なお、上記第5と8の形態は、第1の形態と同様に、第4の形態に展開することが可能である。
【0082】
なお、上記の特許文献の各開示を、本書に引用をもって繰り込むものとする。本発明の全開示(請求の範囲を含む)の枠内において、さらにその基本的技術思想に基づいて、実施形態ないし実施例の変更・調整が可能である。また、本発明の開示の枠内において種々の開示要素(各請求項の各要素、各実施形態ないし実施例の各要素、各図面の各要素等を含む)の多様な組み合わせ、ないし選択が可能である。すなわち、本発明は、請求の範囲を含む全開示、技術的思想にしたがって当業者であればなし得るであろう各種変形、修正を含むことは勿論である。特に、本書に記載した数値範囲については、当該範囲内に含まれる任意の数値ないし小範囲が、別段の記載のない場合でも具体的に記載されているものと解釈されるべきである。さらに、上記引用した文献の各開示事項は、必要に応じ、本発明の趣旨に則り、本発明の開示の一部として、その一部又は全部を、本書の記載事項と組み合わせて用いることも、本願の開示事項に含まれるものと、みなされる。
【符号の説明】
【0083】
10 ベクトルプロセッサ
11 ベクトルレジスタ
12 主記憶装置
13 データ制御装置
14 演算部
15 制御部
20 レジスタブロック
30 2次元のデータ構造
31 演算の対象となる有効なデータを格納した要素
32 演算対象ではないデータを格納した要素
41 有効なデータ
42、43 無効なデータ
44 ディスタンス
60 拡張したVLD命令
61 オペコード
62 データを格納するベクトルレジスタ11のアドレス
63 データが格納されている主記憶装置12のアドレス
64 次元1のストライド
65 次元2のストライド
66 次元3のストライド
67 次元4のストライド
68 次元5のストライド
100 コンピュータ
200 CPU
9000 コンピュータ
9010 CPU
9020 通信インタフェース
9030 メモリ
9040 補助記憶装置
【要約】
【課題】主記憶装置の規則的だが連続していないアドレスに保存された、いくつかの短ベクトルを含む多次元のデータを、ベクトルレジスタに効率よく取得し格納する、ベクトルプロセッサを提供する。

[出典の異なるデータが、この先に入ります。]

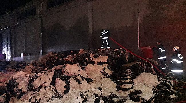 tonlarca balya hasar gördü. Olay hakkında soruşturma başlatıldı.
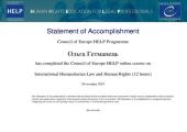 Завідувачка кафедри правового забезпечення підприємницької діяльності та фінансової безпеки ННІ № 5 Ольга Гетманець пройшла онлайн-курс «International Humanitarian Law and Human Rights» на платформі HELP. Міжнародна менеджерка проєкту Ольга Костенко детально представила курс та зазначила, що він дозволяє глибше зрозуміти застосування міжнародного права в умовах збройного конфлікту та готує до вирішення складних правових питань, пов’язаних із захистом прав людини під час війни.
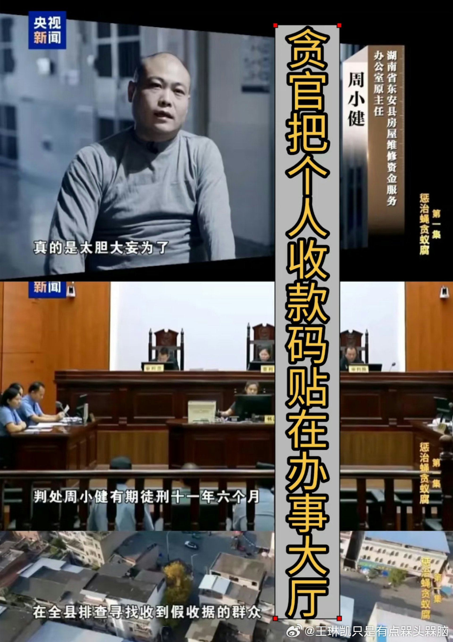 央视专题片《反腐为了人民》今年1月5日开播,第一集揭露有地方小官巨贪近千万人民币(专题),甚至把个人收款码直接放在缴费窗口。(微博)
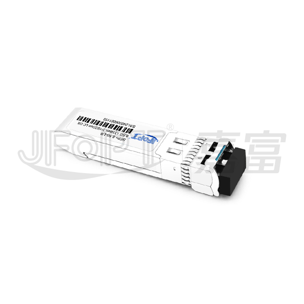 The JFOPT SFP+ 8.5G 1310nm 1.4/10/20km LC DX single mode transceiver is a compact, pluggable module designed for high-speed optical data communication. Featuring an SFP+ 20-pin connector, it supports hot plug capability. This module is optimized for single-mode fiber and operates at a nominal wavelength of 1310nm. The transmitter incorporates a 1310nm multiple quantum well FP laser, complying with Class 1 laser safety standards as per IEC-60825. The receiver utilizes an integrated InGaAs detector preamplifier (IDP) within the optical header, paired with a limiting post-amplifier IC for enhanced signal processing.
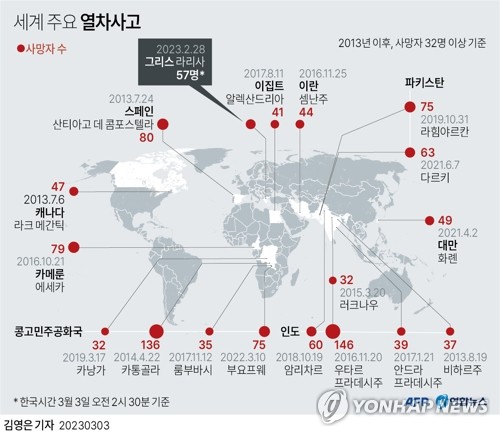 앞서 지난달 28일 자정 직전 350명을 싣고 아테네에서 테살로니키로 가던 여객열차가 테살로니키에서 라리사로 가던 화물열차와 정면으로 충돌했다.

【解決手段】ベクトルプロセッサは、データ制御装置とベクトルレジスタを含み、データ制御装置は、拡張したベクトルロード命令が入力されると、規則的に主記憶装置に配置されている多次元データの複数の短ベクトルをベクトルレジスタにロードし、ロードされた複数の短ベクトルを格納するベクトルレジスタ内のアドレス間隔は、2の乗数である。